Content provided by Taras Kucherenko, first author of the paper Gesticulator: A framework for semantically-aware speech-driven gesture generation.
Human communication is, to no small extent, non-verbal. While talking, people spontaneously gesticulate, which plays a crucial role in conveying information. Think about the hand, arm, and body motions we make when we talk. Our research is on machine learning models for non-verbal behavior generation, such as hand gestures and facial expressions. We mainly focus on hand gestures generation. We develop machine learning methods that enable virtual agents (such as avatars from a computer game) to communicate non-verbally.

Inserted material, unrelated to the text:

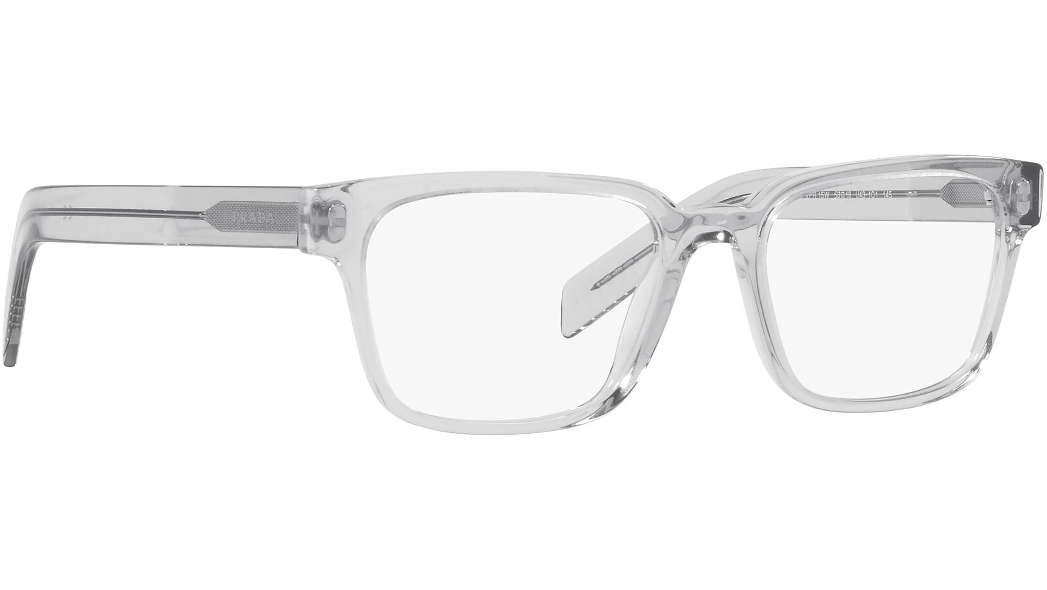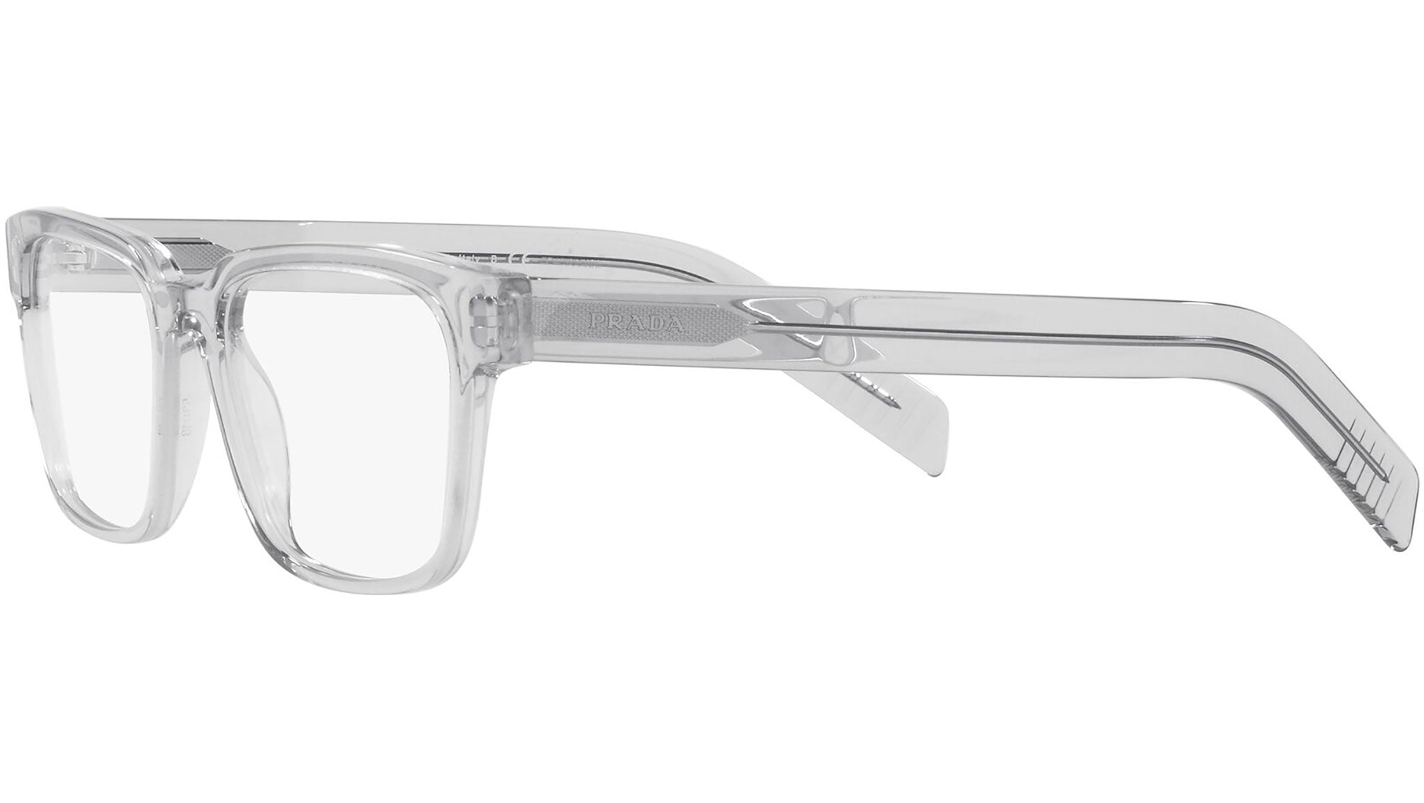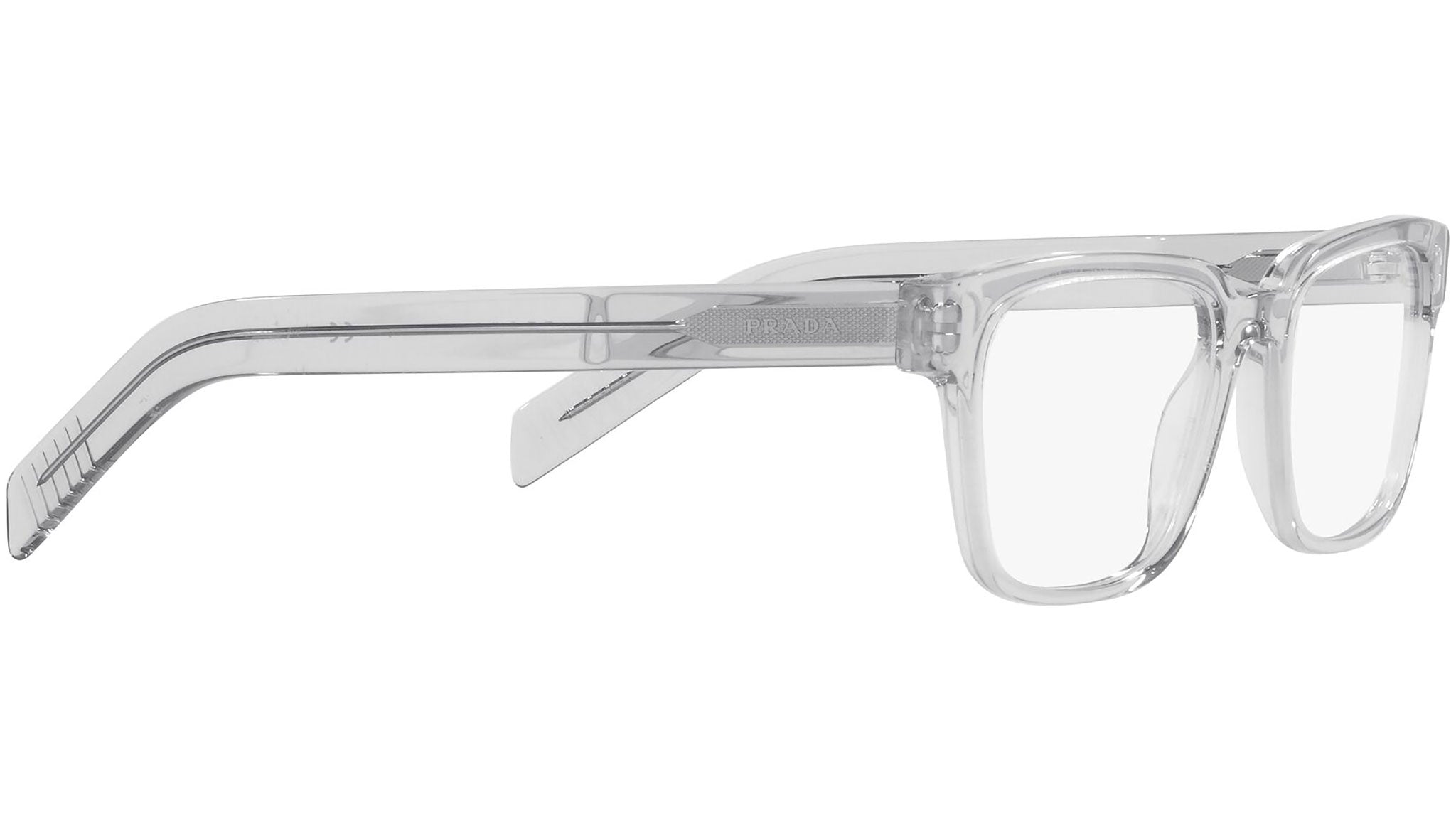 Prada eyeglasses model PR 15WV color variant crystal gray, color code U431O1. Prada represents the pinnacle of Italian tradition and fashion. It is one of the most innovative, prestigious and most recognized brands in the world of fashion and luxury accessories, the maximum expression of attention to detail, an emblem of style, in its refined interpretation of the new trends in international fashion.

What’s New: Unfortunately, the best AI methods for creating gestures in a computer have so far been “either-or” – either they adhere to the speech’s rhythm, or they pay attention to what the words we are saying mean.
This paper created the first modern AI system that was able to take both speech rhythm and meaning into account simultaneously. As a result, it can generate a much broader range of motion than was possible before: both those related to the rhythm and those associated with the speech’s meaning. This new research direction will permit characters in computer games and VR that are more engaging and authentic.
How It Works: Our model is based on deep-learning. As with any other machine-learning method it works by optimizing parameters based on a dataset. We have speech audio and text as input and corresponding motion sequence as output. The model is a deep neural network with an auto-regressive connection: model predictions are fed back to the model to ensure motion continuity. Once trained, our model can generate gestures from novel speech using audio and text data.
Key Insights: If we want interaction with social agents (such as robots or virtual avatars) to be natural and smooth, we need them to gesticulate. “Gesticulator” is the first step toward generating meaningful gestures by a machine-learning method.
With this research, we have got the Best Paper Award at ICMI 2020 for the paper “Gesticulator: A framework for semantically-aware speech-driven gesture generation”.
The paper Gesticulator: A framework for semantically-aware speech-driven gesture generation is on arXiv.
Meet the author Taras Kucherenko, Ph.D. student in Machine Learning for Social Robotics at KTH Royal Institute of Technology in Stockholm.